*** Block opens ***

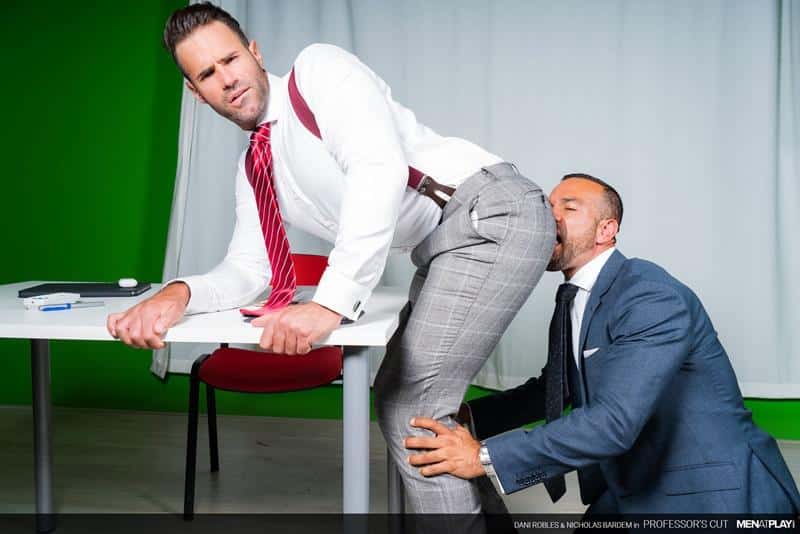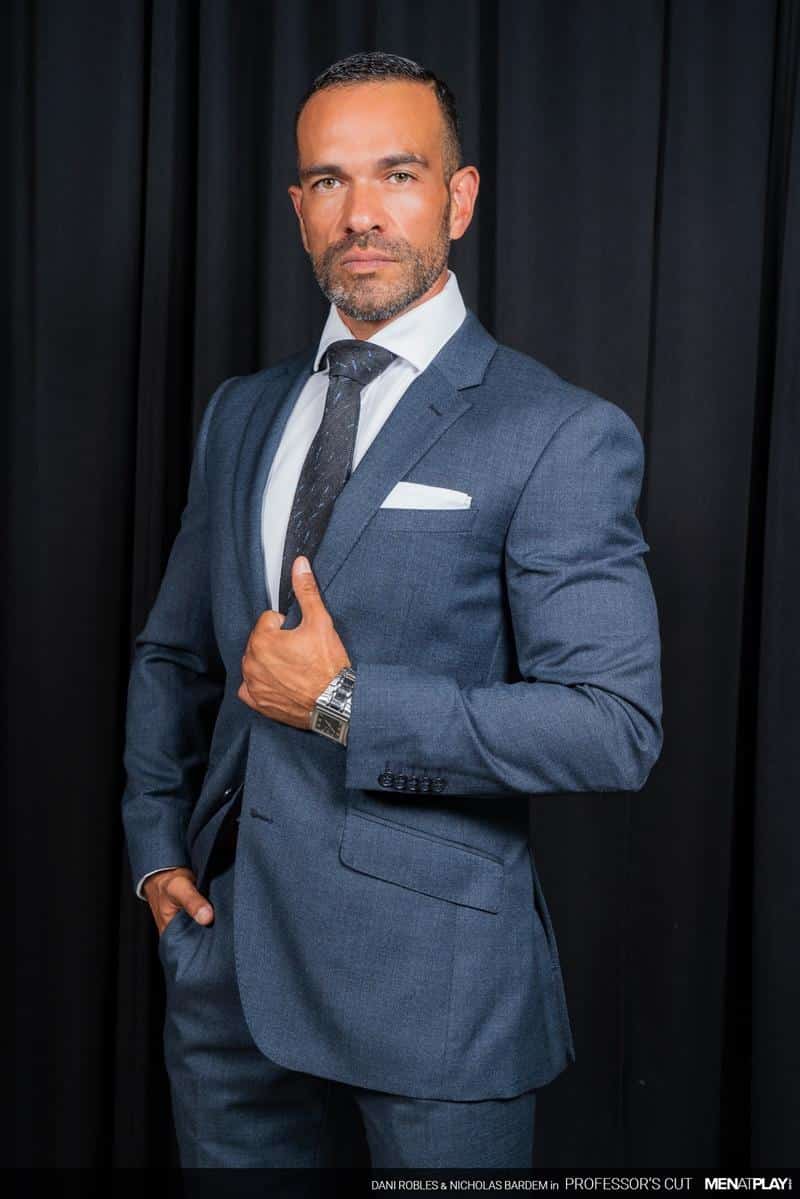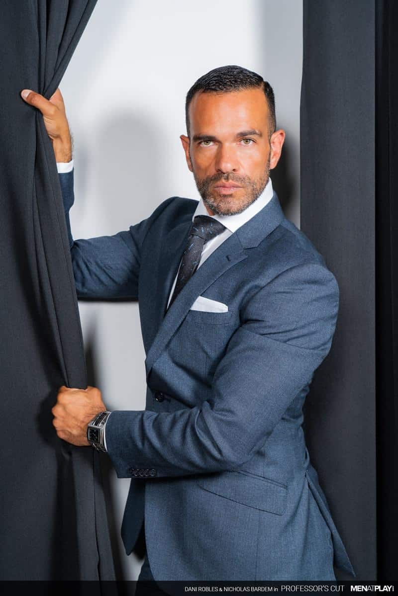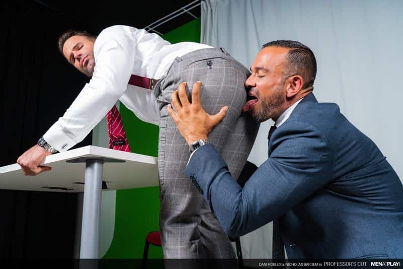 Men at Play hot bearded bottom stud Dani Robles’s bubble butt bareback fucked by hot daddy Nicholas Bardem
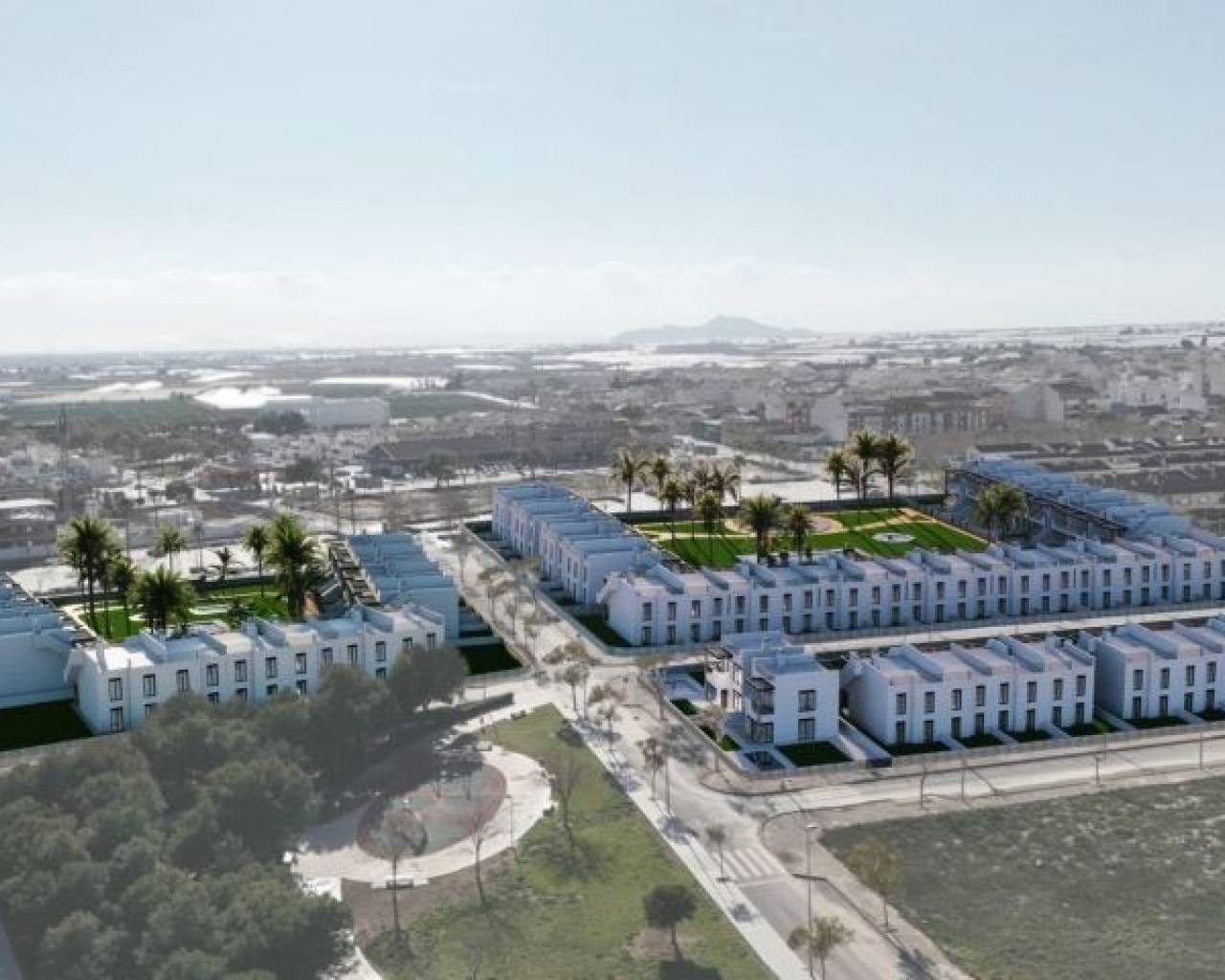 Bungalows de obra nueva en Pilar de la Horadada Viviendas modernas cerca de la playa Descubra este exclusivo complejo residencial de nueva construcción en Pilar de la Horadada, que ofrece bungalows y pareados a menos de 2 km de la playa. Diseñadas para ofrecer confort y estilo, estas viviendas son una excelente oportunidad para disfrutar de la vida en la Costa Blanca. Viviendas amplias y con estilo Esta promoción ofrece viviendas de 2 o 3 dormitorios con 2 baños y aparcamiento privado. Elija entre: Bungalows en planta baja con jardín privado. Bungalows en planta alta con solarium privado. Pareados con sótano y amplias parcelas. Cada propiedad está construida con materiales de alta calidad y modernos acabados, incluyendo: Instalación de aire acondicionado por conductos. Carpintería exterior de aluminio, doble acristalamiento y persianas de aluminio inyectado. Puerta de entrada de seguridad para mayor tranquilidad. Sistema de aerotermia para producción eficiente de agua caliente. Armarios empotrados en dormitorios. Baños totalmente equipados con muebles y mamparas de ducha. Características exclusivas de la comunidad Este complejo residencial privado cuenta con una hermosa piscina comunitaria y jardines paisajísticos, creando un espacio ideal para la relajación. Situado a las afueras del centro de la ciudad, los residentes pueden ir andando a supermercados, restaurantes, bares, colegios y otros servicios esenciales. Ubicación privilegiada en Pilar de la Horadada Pilar de la Horadada es una encantadora ciudad española en la parte más meridional de la Costa Blanca. Ofrece una vibrante calle principal con numerosas tiendas, supermercados, restaurantes y plazas pintorescas. Las impresionantes playas de Torre de la Horadada y Mil Palmeras están a sólo 5 minutos, con arena fina y dorada y un pintoresco paseo marítimo. La ciudad también ofrece carriles bici y rutas de senderismo bien desarrolladas, además de una gran variedad de actividades deportivas. Cómodo acceso a destinos clave Campo de golf Lo Romero - 5 km (10 minutos en coche). Aeropuerto de Corvera (Murcia) - 40 km (40 minutos en coche). Aeropuerto de Alicante - 55 km (55 minutos en coche). Centros Comerciales (La Zenia Boulevard) - 15 km (15 minutos en coche). Puerto Deportivo Torre de la Horadada - 3 km (5 minutos en coche). Asegure hoy la casa de sus sueños No pierda esta fantástica oportunidad de poseer una vivienda a estrenar en una ubicación privilegiada. Póngase en contacto con nosotros hoy mismo para obtener más información y concertar una visita.
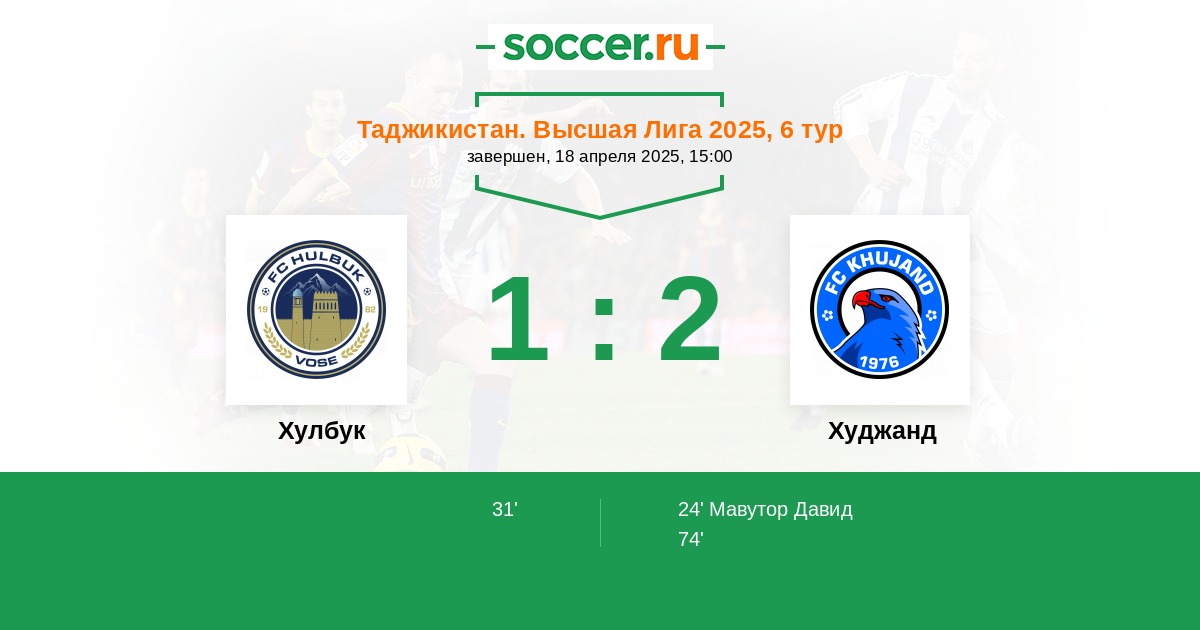 Протокол матча Хулбук против Худжанд
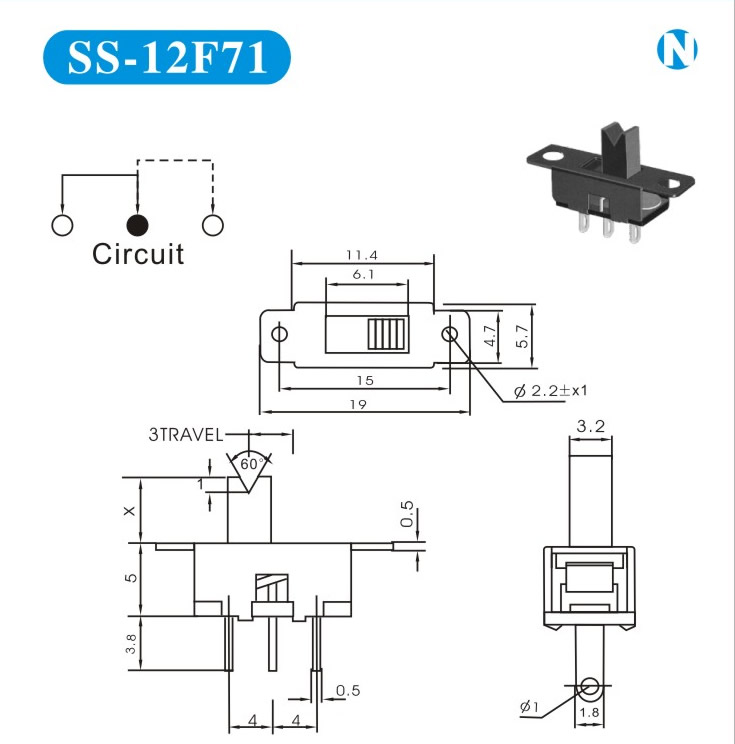 SS-12F71 詳細資料 產(chǎn)品說明: 技術(shù)指標: 使用溫度范圍 -20~+70℃ 耐壓 AC250V(50Hz)/min 額定負荷 DC 50V 0.5A 動作力 250±100gf 接觸電阻 ≤0.05Ω 機械壽命 10000次 絕緣電阻 ≥100MΩ
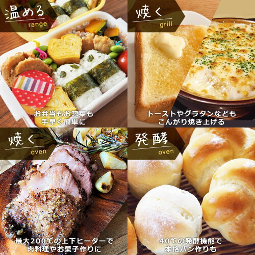 あたため・解凍(レンジ)、トースト(グリル)、お菓子作り(オーブン)がこれ1台でできます。
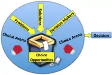 While the first three streams of problems, solutions, and participants, meet in the stream of choice opportunity (for example, a choice to hire a new employee), the decision/choice arena is the larger domain where all four of these streams meet.[2][1] This arena can be the type of organization (government, school, university) or the greater setting in which this interaction is occurring. For example, a board or committee may be a choice arena, while the committee's annual elections may be a choice opportunity. Choice opportunities may also move between different choice arenas, such as a decision being passed between committees, or departments.[2]

*** Block closes ***

WORK REQUIRED » When printing the entries, leave out the images and keep everything else exact.

ANSWER FOR THIS EXERCISE »
 Men at Play hot bearded bottom stud Dani Robles’s bubble butt bareback fucked by hot daddy Nicholas Bardem
 Bungalows de obra nueva en Pilar de la Horadada Viviendas modernas cerca de la playa Descubra este exclusivo complejo residencial de nueva construcción en Pilar de la Horadada, que ofrece bungalows y pareados a menos de 2 km de la playa. Diseñadas para ofrecer confort y estilo, estas viviendas son una excelente oportunidad para disfrutar de la vida en la Costa Blanca. Viviendas amplias y con estilo Esta promoción ofrece viviendas de 2 o 3 dormitorios con 2 baños y aparcamiento privado. Elija entre: Bungalows en planta baja con jardín privado. Bungalows en planta alta con solarium privado. Pareados con sótano y amplias parcelas. Cada propiedad está construida con materiales de alta calidad y modernos acabados, incluyendo: Instalación de aire acondicionado por conductos. Carpintería exterior de aluminio, doble acristalamiento y persianas de aluminio inyectado. Puerta de entrada de seguridad para mayor tranquilidad. Sistema de aerotermia para producción eficiente de agua caliente. Armarios empotrados en dormitorios. Baños totalmente equipados con muebles y mamparas de ducha. Características exclusivas de la comunidad Este complejo residencial privado cuenta con una hermosa piscina comunitaria y jardines paisajísticos, creando un espacio ideal para la relajación. Situado a las afueras del centro de la ciudad, los residentes pueden ir andando a supermercados, restaurantes, bares, colegios y otros servicios esenciales. Ubicación privilegiada en Pilar de la Horadada Pilar de la Horadada es una encantadora ciudad española en la parte más meridional de la Costa Blanca. Ofrece una vibrante calle principal con numerosas tiendas, supermercados, restaurantes y plazas pintorescas. Las impresionantes playas de Torre de la Horadada y Mil Palmeras están a sólo 5 minutos, con arena fina y dorada y un pintoresco paseo marítimo. La ciudad también ofrece carriles bici y rutas de senderismo bien desarrolladas, además de una gran variedad de actividades deportivas. Cómodo acceso a destinos clave Campo de golf Lo Romero - 5 km (10 minutos en coche). Aeropuerto de Corvera (Murcia) - 40 km (40 minutos en coche). Aeropuerto de Alicante - 55 km (55 minutos en coche). Centros Comerciales (La Zenia Boulevard) - 15 km (15 minutos en coche). Puerto Deportivo Torre de la Horadada - 3 km (5 minutos en coche). Asegure hoy la casa de sus sueños No pierda esta fantástica oportunidad de poseer una vivienda a estrenar en una ubicación privilegiada. Póngase en contacto con nosotros hoy mismo para obtener más información y concertar una visita.
 Протокол матча Хулбук против Худжанд
 SS-12F71 詳細資料 產(chǎn)品說明: 技術(shù)指標: 使用溫度范圍 -20~+70℃ 耐壓 AC250V(50Hz)/min 額定負荷 DC 50V 0.5A 動作力 250±100gf 接觸電阻 ≤0.05Ω 機械壽命 10000次 絕緣電阻 ≥100MΩ
 あたため・解凍(レンジ)、トースト(グリル)、お菓子作り(オーブン)がこれ1台でできます。
 While the first three streams of problems, solutions, and participants, meet in the stream of choice opportunity (for example, a choice to hire a new employee), the decision/choice arena is the larger domain where all four of these streams meet.[2][1] This arena can be the type of organization (government, school, university) or the greater setting in which this interaction is occurring. For example, a board or committee may be a choice arena, while the committee's annual elections may be a choice opportunity. Choice opportunities may also move between different choice arenas, such as a decision being passed between committees, or departments.[2]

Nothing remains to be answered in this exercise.